С меня ручьями лил пот, а чтобы не упасть, пришлось держаться за стену. Отдышавшись, я рискнул нагнуться, развязал веревку и вернул гири на место. Подпрыгнув, уцепился за трубу и просто повис, давая мышцам растянуться.
– У тебя и так отличная фигура, амиго! – заметил Вункс, оседлавший рулон туго свернутых циновок. – Цыпочки млеют и пищат?
Я промолчал, продолжая неподвижно висеть. Уставшие пальцы норовили соскользнуть с мокрого металла трубы, но я не позволял хватке ослабнуть. Это как в жизни – дай хватке ослабнуть, и вот тебя уже нагнули и имеют во все дыры, похлопывая по жопе и радостно крича, что ты сам во всем виноват.
– А мне с чего посоветуешь начать? – не унимался Вункс. Подняв руку, он согнул ее, и напряг что-то там тощее невнятно где. – Может, мне бицуху еще качнуть? Я в целом доволен, но, может, стоить чуток добавить объемов… девки ведь любят больших и денежных… Верно, амиго?
Я молчал, глядя только вверх, на частично затянутый лианами далекий потолок. Поняв, что ответа от меня ему не добиться, Вункс что-то пробормотал и, явно сдавшись, поднялся и пошел прочь, на прощание кивнув на поднос:
– Поешь уже, амиго. Мясо во рту тает – джунгли подарили свежак из свежаков. Считай, сама природа послала.

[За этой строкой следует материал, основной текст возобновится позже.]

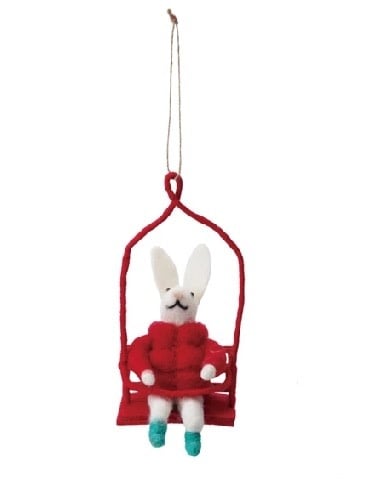 Cet adorable lapin en feutre profite de l'hiver pour aller skier! Habillée d'un petit manteau rouge et ses bottes bleus. Il apporte une touche ludique et festive à votre décoration.
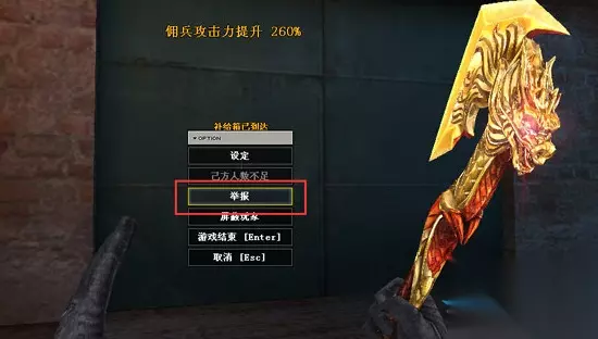 游戏内:常规举报 1. 按ESC之后,会弹出主菜单,点击主菜单中的“举报”按钮:
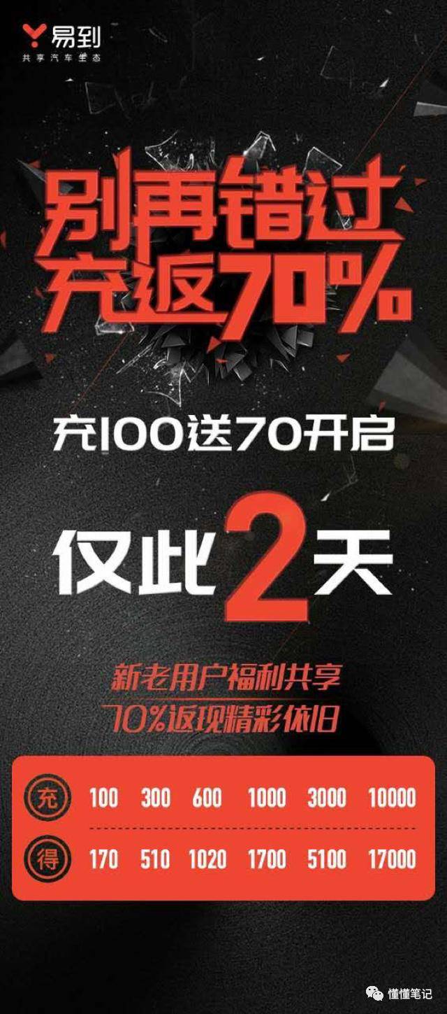 从滴滴优步结合以后,网约车的补贴就越来越少了,烧钱大战基本就要结束了。然而,易到却特立独行继续补贴。究其原因自然就联想到前段时间易到拖欠供应商款项被起诉的事情,也就是说易到的资金链出了问题。此前长达7个月的100%充返狂揽60亿,易到发现这是最快的资金回流方式。这次70%充返,意图也在填补资金流。但要知道,这种充返,圈的钱越多,将来要补的窟窿就越大。
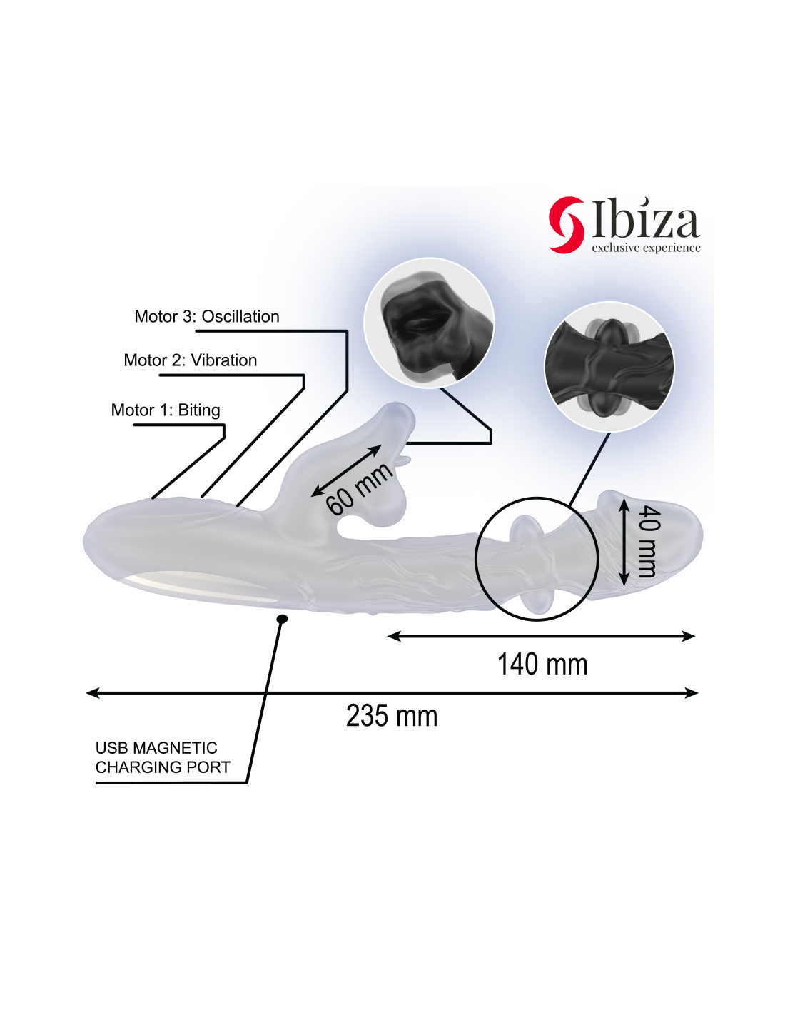 IBIZA vibratorius ir klitorio stimuliatorius su kandžiojimosi ir sukimosi efektu yra idealus pasirinkimas ieškantiems intensyvios ir įvairios stimuliacijos. Turėdamas 3 galingus variklius, 10 vibracijos režimų, 6 osciliacijos režimus ir 7 kandžiojimosi režimus, šis vibratorius suteikia daugialypę patirtį, netaupydamas pojūčių. Ergonomiškas dizainas, aukštos kokybės medžiagos ir atsparumas vandeniui daro jį puikiu pasirinkimu ieškantiems intensyvios stimuliacijos.
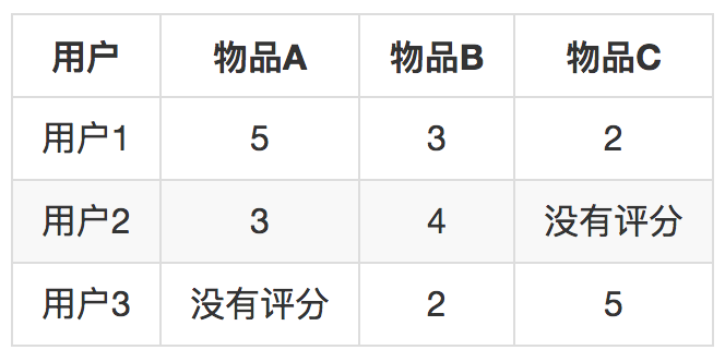 如果只知道用户3给物品B的评分是2,那么预测用户3给物品A的评分呢就是2.5,因为从物品B到物品A的差距是0.5。
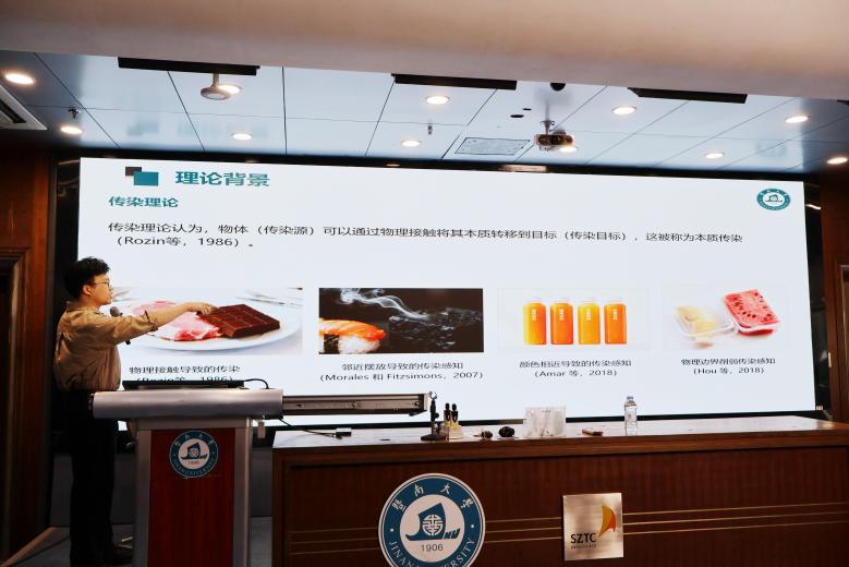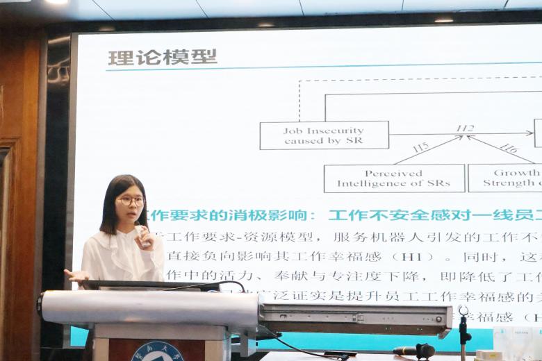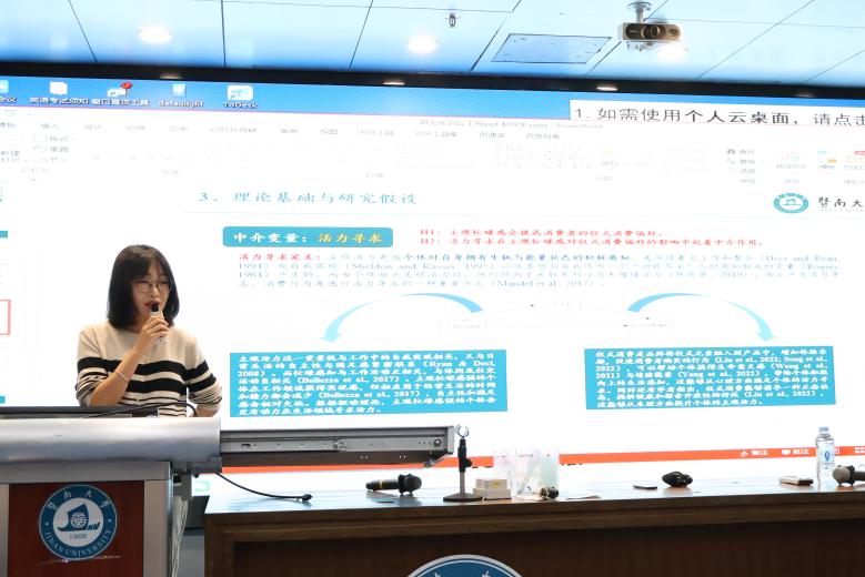 在学术口头报告环节,6位研究生先后汇报了研究成果,选题涵盖消费行为、人工智能、文旅融合等多个前沿方向,展现出宽广的学术视野。

Мои пальцы разжались. Приземлившись на все еще дрожащие ноги, я мягко присел на корточки и сипло спросил:
– Что ты щас сказал?
– А?
– Что ты щас сказал?!
– Да ты чего? Спокойней, амиго. Спокойней! Я говорю – мясо самое свежее! Городским такой свежатины не испробовать. Ничего такого не говорил…
– Природа послала?
– Ну а как? – поняв, что я не собираюсь его бить, Вункс воспрял и расправил плечи. – Она самая! Дар джунглей и все такое.
– Природа послала, – повторил я, медленно выпрямляясь.
– Да ты не подумай – мы ж не ублюдки какие, чтобы природу грабить. Мы по чуть-чуть берем, а в джунглях так много всего, что никто и не заметит. А я сам так вообще редко охочусь, амиго. Мы все чтим древний закон – много брать нельзя. Грех.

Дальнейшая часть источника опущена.